NASA selected the Lucy mission, along with another explored asteroid named Psyche, for development in 2017. Psyche is slated to launch next year to orbit a metal-rich asteroid.
Researchers believe the Trojan asteroids are remnants of the earliest period in the history of the solar system, when similar small objects clustered together to form the gas and glacial planets of the outer solar system.
“If this whole story is true, and Lucy is going to test some of these hypotheses, these objects really represent objects that formed all over the Outer Solar System, and are now in the Swarms of Troy, where a mission like Lucy can. go study them, ”Levison said.
Scientists know little about Trojan asteroids. Lucy will be the first spacecraft to ever fly over the Trojan swarms, where researchers have found more than 7,000 small objects. There are perhaps thousands more waiting to be discovered using large telescopes.
But even the Hubble Space Telescope cannot work out the details about the makeup and appearance of Trojan asteroids. Scientists have a rough approximation of the size of each object to be visited by Lucy, and know a little about their colors. Some are gray and some are more reddish in appearance.
After taking off from Cape Canaveral, the Lucy spacecraft will spend a year in an Earth-like orbit around the sun, before returning to its home planet next October for a gravity-assisted slingshot maneuver to begin heading. to the solar system.
A second flyby of Earth in December 2024 will send Lucy to her first encounter with an asteroid. The spacecraft will pass by asteroid Donaldjohanson, named after the scientist who discovered Lucy’s fossil, in April 2025.
Next, Lucy will fly in the first swarm of Trojans, visiting five asteroids – including a tiny moon from one of the objects – in just 15 months between August 2027 and November 2028.
At her farthest arc, Lucy will be over 500 million miles (800 million kilometers) from the sun. The spacecraft will be the furthest spacecraft from the sun to ever use solar power.
A final movement of Earth in 2030 will prepare Lucy for the final encounter of the 12-year mission, a flyby of a binary pair of asteroids named Patroclus and Menoetius in March 2033. Each of the two objects is roughly the same size, with diameters of over 60 miles (100 kilometers), making them the largest targets of Lucy’s stay in the solar system.

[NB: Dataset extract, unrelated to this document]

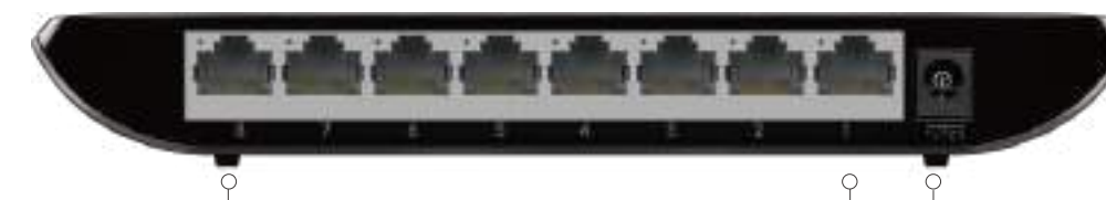
8 10/100/1000Mbps Ethernet Ports Power Socket

At each asteroid, Lucy will only have a few hours to take the best photos and gather the most useful data. The probe will pass near asteroids at a relative speed of several kilometers per second, using a gimbal instrument platform to point its camera and scientific instruments.
“Lucy is a flyover mission, so after spending years traveling over a billion miles to reach our targets, we aim almost directly at them, flying within 600 miles (1,000 kilometers) of their surfaces.” NASA project scientist Keith Noll said. for the Lucie mission. “And Lucy doesn’t slow down for those flyovers.”